Without a strong narrative, the film drifts from gag to gag, bearing closer resemblance to the Marx Brothers than Chaplin’s mature work.
Some of the jokes land, some don’t, but it’s a solid effort by Chaplin to push himself and experiment with his comedy style.
Mildred Pierce (1945)
As the police question Mildred Pierce (Joan Crawford) following the murder of her second husband Monte Beragon, she relates the complicated series of events which led to his death.
Separated from her husband, Mildred worked as a waitress. When her youngest daughter died from pneumonia, Mildred took solace in her work, opening a restaurant. The venture was an enormous success and spawned a chain of Mildred’s across Southern California, but her eldest daughter Veda resented her mother’s working class background.

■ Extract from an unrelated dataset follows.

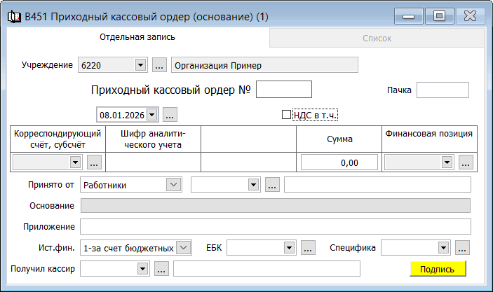 Форма применяется для оформления поступления денег в кассу как при ручной, так и при автоматизированной обработке учетно-отчетной документации. Выписывается в одном экземпляре работником бухгалтерии. Квитанция выдается на руки сдавшему деньги, а ордер остается в кассе. Подписывается приходный кассовый ордер главным бухгалтером или уполномоченным на это лицом.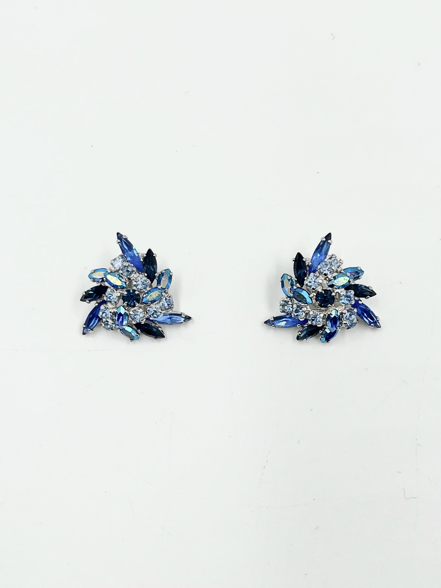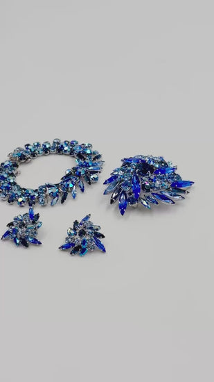 Vintage 1950s Sherman Blue Swarovski Crystal Brooch, Earring & Bracelet Set

Desperate to gain Veda’s approval, Mildred married Monte, a bankrupt playboy who could provide her the social status she desired. However, one day Mildred arrived him to find Veda and Monte in an embrace. The younger Pierce defiantly claimed Monte intended to marry her, and when he protested her assessment of their relationship, she killed him.
Based on James Cain’s hardboiled novel, this is the defining film of Joan Crawford’s career and the source of her enduring reputation. Knowing what we know now about her own experience with motherhood, her casting as the awkward mother only becomes more poignant.

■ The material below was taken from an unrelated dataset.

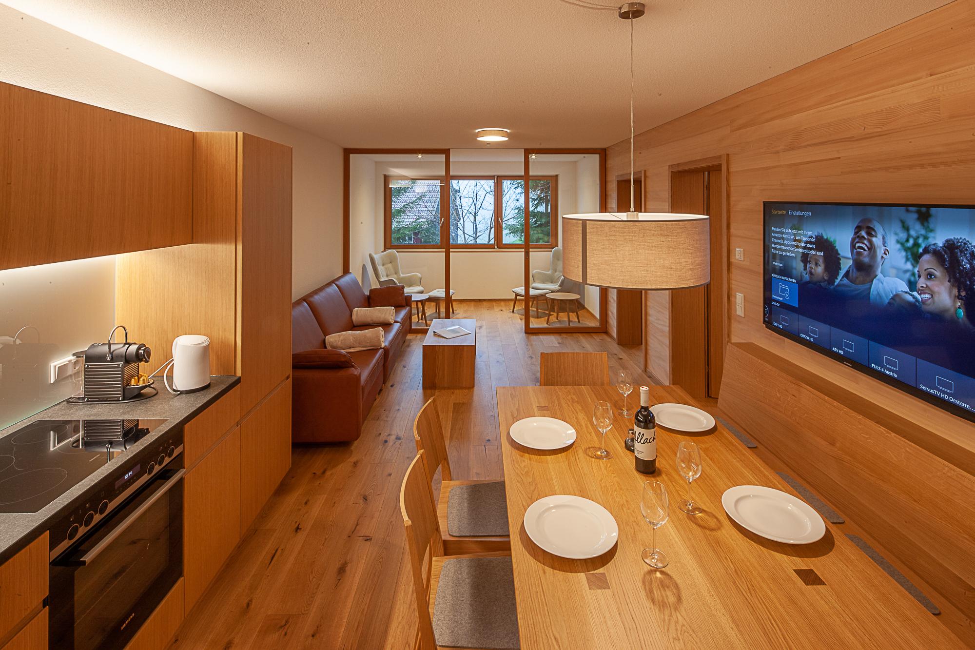 Bestehend aus einem Wohnraum mit Küche, Esstisch, Couch und TV.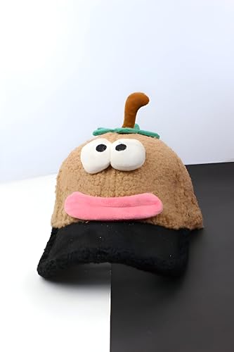 Generic - كاب بيسبول فروي، كاب ناعم من القطيفة على شكل وجه كرتوني بعيون وفم معبرين، تصميم شخصية مرحة وفريدة من نوعها للأطفال والمراهقين والبالغين للتألق

Mildred is an independent woman who overcame tremendous obstacles to make her own way in the world, yet struggles to gain the respect of the only person she cares about. Resented for things she cannot control, every move Mildred makes to ameliorate these conditions is met with derision and ridicule. Her experience echoed the experiences of countless women in the post war era. Women who’d been exposed to new freedoms and responsibilities while their husbands were fighting the Nazis resented returning to their humdrum domestic lives once the war ended.
With a script polished by William Faulkner, this prescient film anticipated the wave of feminism which would sweep through America in the following decades.
The Age of Adaline (2015)
In the early twentieth century, widowed mother Adaline Bowman (Blake Lively) crashed her car into a frozen lake. Fortunately, a lightning strike revived her heart. She survived the wreck, but is now unable to age.
Recognizing the unwanted attention her condition will likely bring, Adaline periodically changes her name and address to keep from arousing suspicion. Several decades later, her elderly daughter Flemming (Ellen Burstyn) now pretends to be her mother.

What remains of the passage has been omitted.